Pavkovic, M., Pantano, L., Gerlach, C.V. et al. Multi omics analysis of fibrotic kidneys in two mouse models. Sci Data 6, 92 (2019). 

- <https://doi.org/10.1038/s41597-019-0095-5> 
- <https://www.nature.com/articles/s41597-019-0095-5#citeas>
- Mouse fibrotic kidney browser: <http://hbcreports.med.harvard.edu/fmm/>
- Data on Zenodo: <https://zenodo.org/record/2592516>


## Samples

>Samples from two mouse models were collected. The first one is a reversible chemical-induced injury model (folic acid (FA) induced nephropathy).

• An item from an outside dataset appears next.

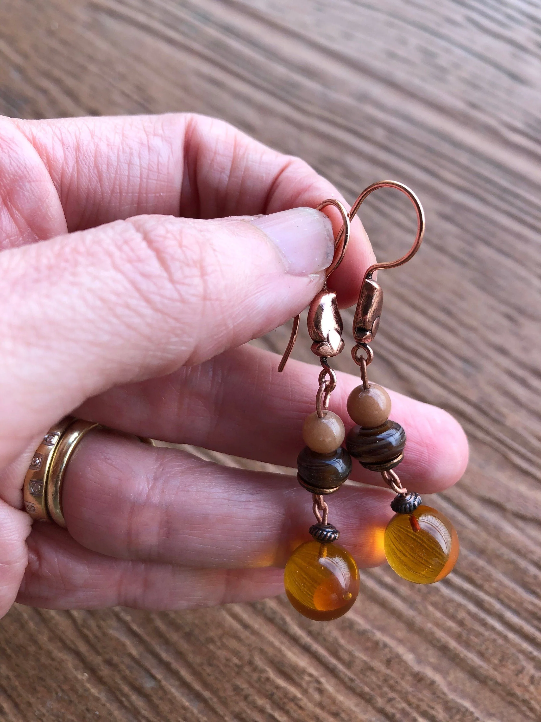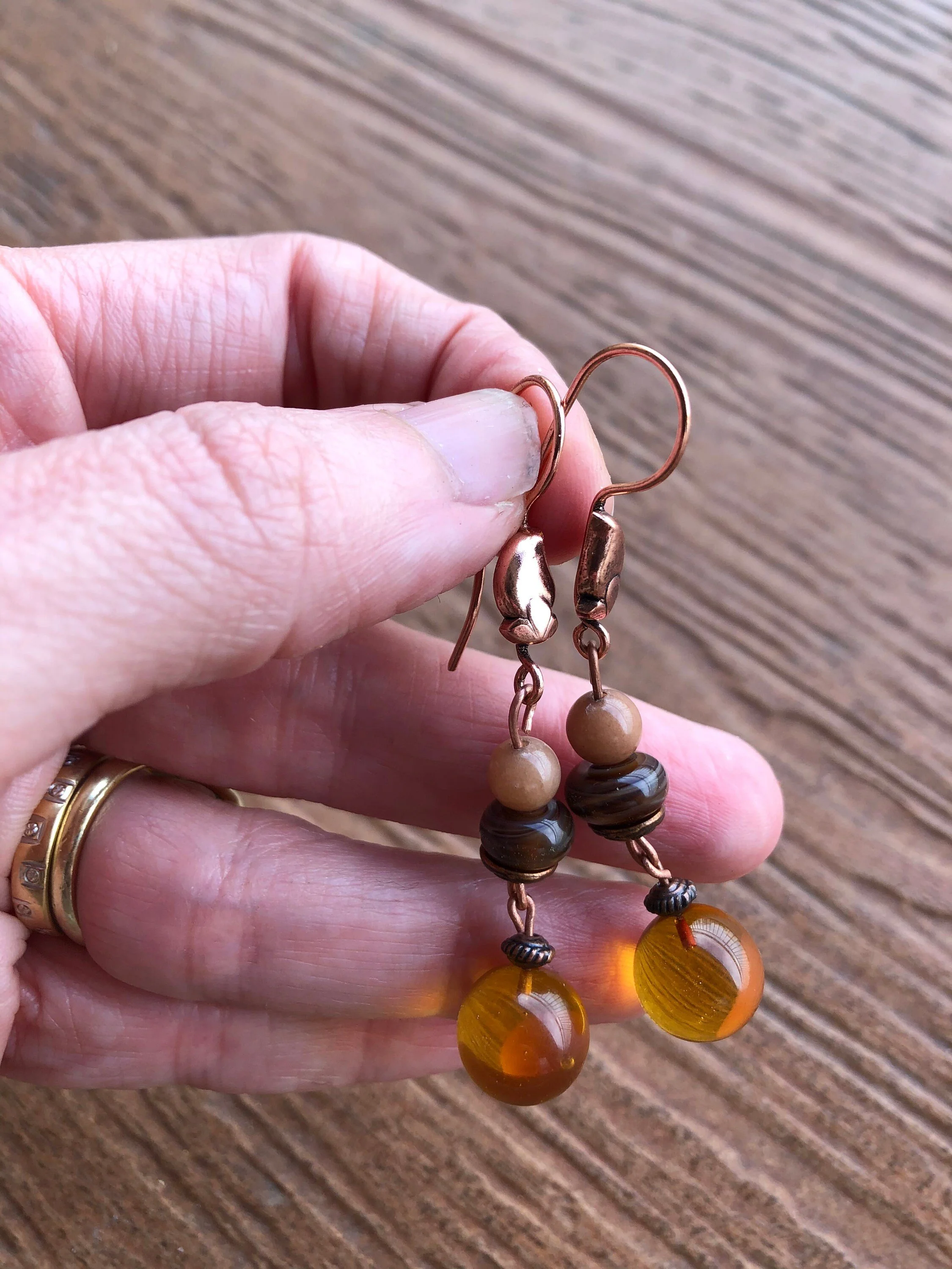 Cathynature-bijoux › Boucles rétro chic jaune et camel Image 1 sur 5 Image 2 sur 5 Image 3 sur 5 Image 4 sur 5 Image 5 sur 5 Boucles rétro chic jaune et camel 22,00 € épuisé Vends une jolie paire de boucles d oreille composée De headpins en verre file au chalumeau de lafileusedeverre De perles semi précieuses en jade mashan chamois De perles en verre file au chalumeau De splendides crochets en cuivre avec rose de bijouvintagemercerie Modèle unique Épuisé Ajout effectué ! Vends une jolie paire de boucles d oreille composée De headpins en verre file au chalumeau de lafileusedeverre De perles semi précieuses en jade mashan chamois De perles en verre file au chalumeau De splendides crochets en cuivre avec rose de bijouvintagemercerie Modèle unique

The second one is an irreversible surgically-induced fibrosis model (unilateral ureteral obstruction (UUO)). mRNA and small RNA sequencing, as well as 10-plex tandem mass tag (TMT) proteomics were performed with kidney samples from different time points over the course of fibrosis development. 
> In the FA model, mice were sacrificed before the treatment (day 0) and 1, 2, 7, and 14 days after a single injection of folic acid. 
> For the UUO model, mice were sacrificed before obstruction (day 0) and 3, 7, and 14 days after the ureter of the left kidney was obstructed via ligation. For both studies, kidneys were removed at each time point for total RNA isolation and protein sample preparation.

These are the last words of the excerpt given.